* [Source material]
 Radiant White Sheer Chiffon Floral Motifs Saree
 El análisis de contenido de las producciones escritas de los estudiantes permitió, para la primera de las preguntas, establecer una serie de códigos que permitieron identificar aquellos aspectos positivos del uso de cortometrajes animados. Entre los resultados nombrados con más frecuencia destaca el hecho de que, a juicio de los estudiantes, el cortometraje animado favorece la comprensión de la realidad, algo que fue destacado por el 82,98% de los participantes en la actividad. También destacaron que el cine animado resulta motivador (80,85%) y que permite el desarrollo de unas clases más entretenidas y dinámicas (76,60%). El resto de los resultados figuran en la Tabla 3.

* * *

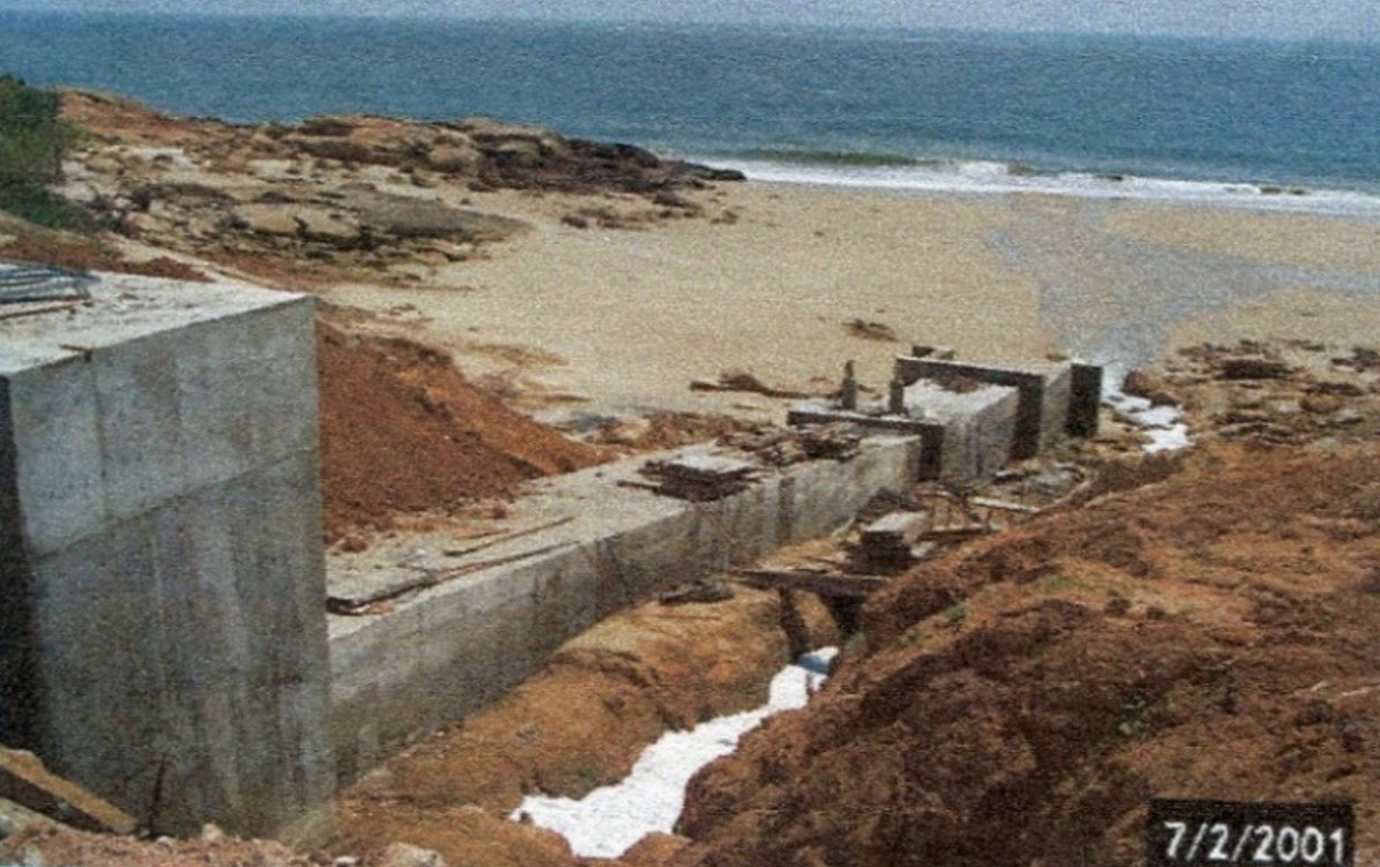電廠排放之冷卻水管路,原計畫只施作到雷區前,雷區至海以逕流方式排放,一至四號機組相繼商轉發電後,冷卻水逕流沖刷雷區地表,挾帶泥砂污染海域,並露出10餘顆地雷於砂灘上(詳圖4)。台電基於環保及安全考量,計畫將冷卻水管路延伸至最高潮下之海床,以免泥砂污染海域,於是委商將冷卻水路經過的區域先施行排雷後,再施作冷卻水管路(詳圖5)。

* [Your task]
Using the entries shown above, reproduce verbatim the lines from the line bearing "Radiant White Sheer" to the line bearing "El análisis de", inclusive.

* [Response area]
 Radiant White Sheer Chiffon Floral Motifs Saree
 El análisis de contenido de las producciones escritas de los estudiantes permitió, para la primera de las preguntas, establecer una serie de códigos que permitieron identificar aquellos aspectos positivos del uso de cortometrajes animados. Entre los resultados nombrados con más frecuencia destaca el hecho de que, a juicio de los estudiantes, el cortometraje animado favorece la comprensión de la realidad, algo que fue destacado por el 82,98% de los participantes en la actividad. También destacaron que el cine animado resulta motivador (80,85%) y que permite el desarrollo de unas clases más entretenidas y dinámicas (76,60%). El resto de los resultados figuran en la Tabla 3.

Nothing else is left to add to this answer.